The first movement begins in tonal ambiguity and reflects despair and the desperate condition of mankind. “In the beginning, there was chaos.” The ambiguity dissolves immediately into the key of D minor, the key of angst and pain. As the movement progresses, however, the music moves inexorably toward the key of D major, a bright key reflecting optimism.

The second movement, a Scherzo, depicts a somewhat frantic and distracted search for worldly happiness. The music is pure energy.

The third movement is a sublimely serene song that represents a retreat, a sort of calm resignation -- a noble acceptance of the slings and arrows of outrageous fortune.

The fourth movement abruptly destroys the harmony of the third movement with what Wagner called “a fanfare of terror,” and then one by one, the music quotes, recapitulates, and rejects the thematic essence of the first, second, and third movements as insufficient answers, only to have the terror fanfare return. Then, a human voice -- the first human voice to be heard -- announces in Beethoven’s words, “Oh friends! Not these sounds! But let us strike up sounds more pleasant and joyful.”

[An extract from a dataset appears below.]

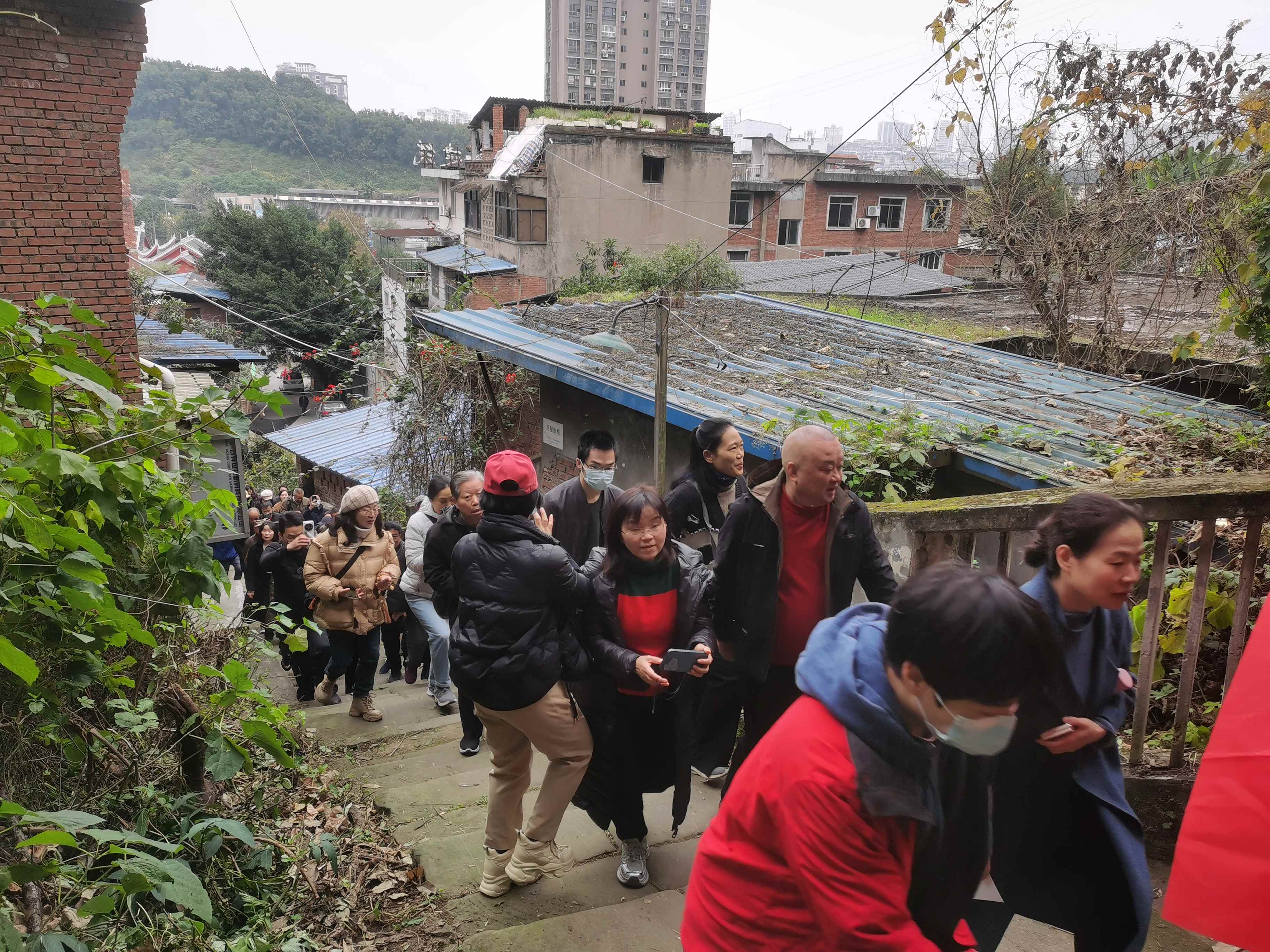公路尽头变为陡峭的石板路,这段原汁原味的石梯步颇能体现自贡“小山城”特色。
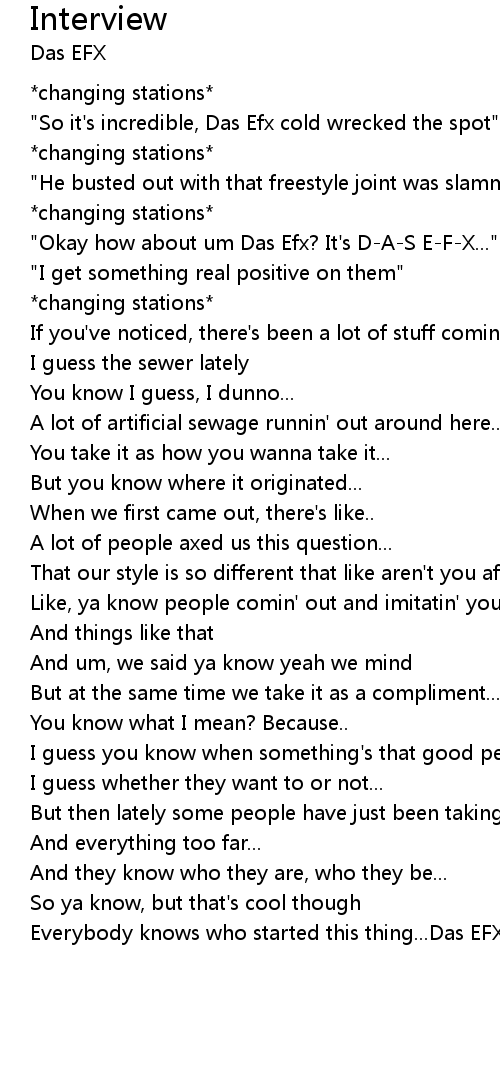 "Okay how about um Das Efx? It's D-A-S E-F-X..." |

The remainder of this colossal movement is the instrumental and vocal celebration -- in the form of an immense theme and variations -- of Johann Schiller’s poem “Ode to Joy,” the last two stanzas of which of which read,

Embrace each other now, you millions!
This kiss is for the whole wide world!
Brothers – above the starry firmament
A beloved Father must surely dwell.

Do you come crashing down, you millions?
Do you sense the Creator’s presence, world?
Seek Him above the starry firmament,
For above the stars he surely dwells.

This jubilant humanitarian declaration, of course, is a return to Eden. The choir singing with the orchestra is a symbol of this utopian message. Despair and pessimism are banished.

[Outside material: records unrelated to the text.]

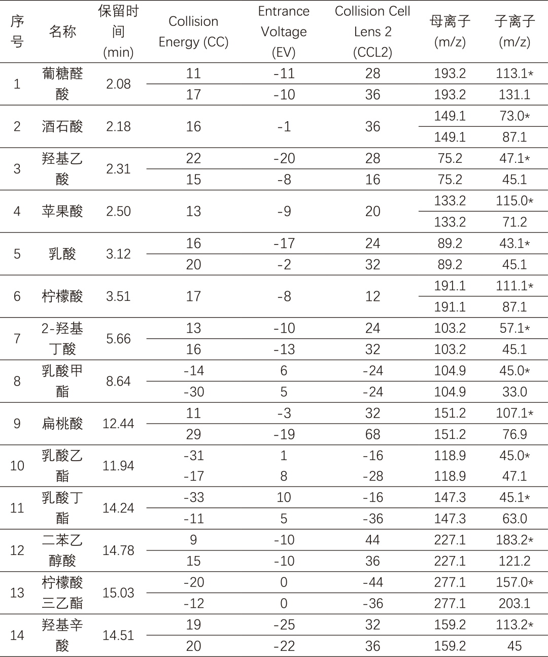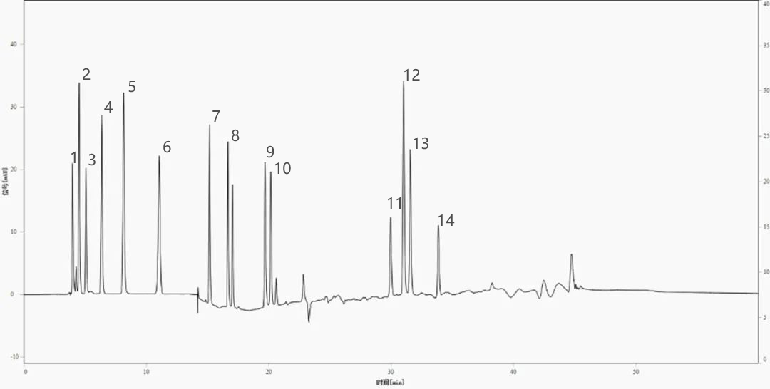 14種混標(biāo)色譜圖1.葡糖醛酸 2.酒石酸 3.羥基乙酸 4.蘋果酸 5.乳酸 6.檸檬酸 7.2-羥基丁酸 8.乳酸甲酯 9.扁桃酸10.乳酸乙酯 11.乳酸丁酯 12.二苯乙醇酸 13.檸檬酸三乙酯 14.羥基辛酸
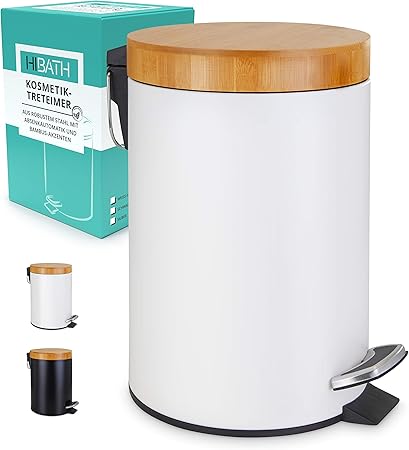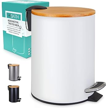 Hibath 3 Liter Kosmetikeimer Mit Bambusdeckel Badezimmer Mulleimer Mit Softclose Absenkautomatik Hochwertiger Badmulleimer Bad Mulleimer Abfalleimer Treteimer Wc Eimer Weiss Amazon De Kuche Haushalt
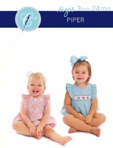 Piper: This new pattern from Children’s Corner features a sleeveless bubble with a ruffle over the shoulder. It can be either smocked or not. What a great project for a summer outfit. Size 3 mo to 24 mo. Use one of my summer prints for a sweet bubble. 4/8, 4/15, 4/22. 11-3. $55.00. Includes all fabric, piping notions, and pattern.
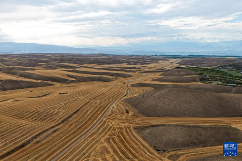 近日,在位于天山北麓的新疆維吾爾自治區(qū)伊犁哈薩克自治州特克斯縣,成熟的小麥迎來收獲。當(dāng)?shù)剞r(nóng)民搶抓有利天氣,開展夏收工作。
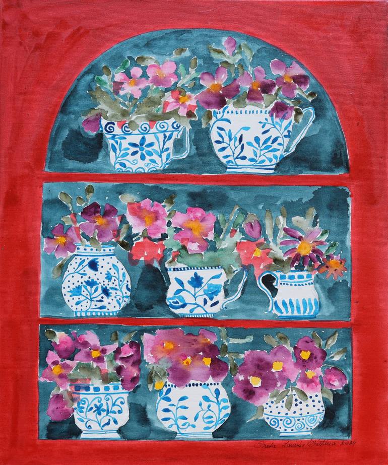 The work is of traditional inspiration. Romanian ceramics full of flowers from the royal house on the shelves
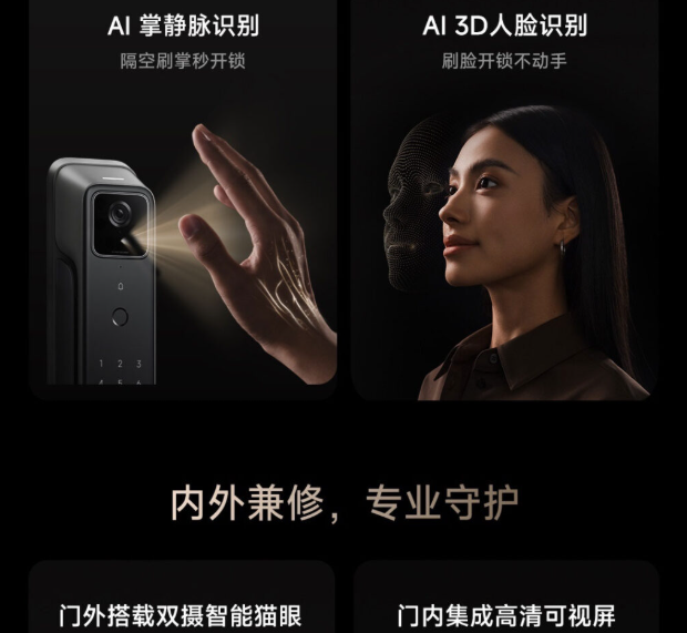 Xiaomi Smart Door Lock 4 Pro Dual Camera Edition сочетает передовые сенсоры и ИИ для беспрецедентной защиты. Основной фишкой стал ИИ-распознавание вен ладони: система использует инфракрасный свет, чтобы сканировать уникальный узор вен, с ложным отказом менее 0,001% и скоростью разблокировки до секунды. Дополняет это 3D-распознавание лица с сертификацией BCTC — работает даже в темноте, с защитой от подделок фото или видео.
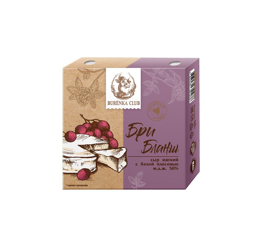 Бри Бланш Burenka Club - классический сыр с благородной белой плесневой корочкой. Созданный по оригинальной французской технологии сыр обладает нежным сливочным вкусом, имеет бархатистую съедобную корочку из благородной белой плесени и изысканный аромат.
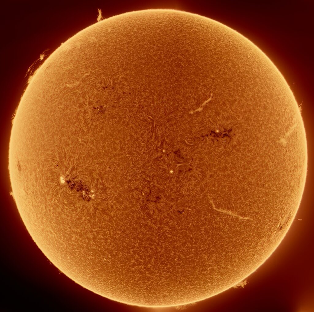 I have had a couple really nice weeks of sunshine, and have been able to image the Sun with the SR127. I am surprised, as this time of year is usually rainy here, plus the Sun is low in the sky, and seeing was good. I have really enjoyed using the SR127. Attached below are eight recent images. What do you think? Clear skies, David T
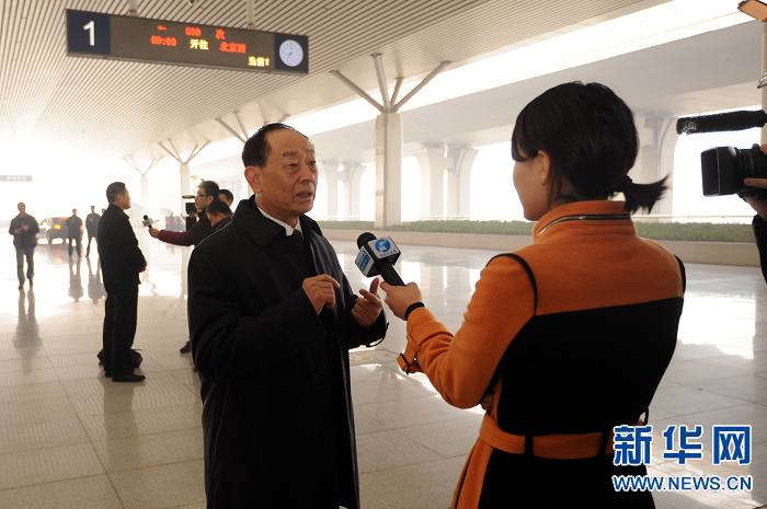3月2日,全國(guó)人大代表唐祖宣(左)乘車(chē)前在鄭州東火車(chē)站接受記者采訪。

Beethoven passed away on March 26, 1827, fittingly during a thunderstorm. According to witnesses, his last words spoken in Latin: “Plaudite, amici, comoedia finita est” – “Applaud, friends, the play is over.” The voice of Beethoven the man may have fallen silent, but the immortal voice of Beethoven the inspiring philosopher and composer lives on.

 

Beethoven’s Symphony No. 1 was first performed by the Boise Philharmonic on November 1, 1977.

Beethoven’s Symphony No. 9 was first performed by the Boise Philharmonic on April 22, 1964. It was most recently performed on November 19, 2005.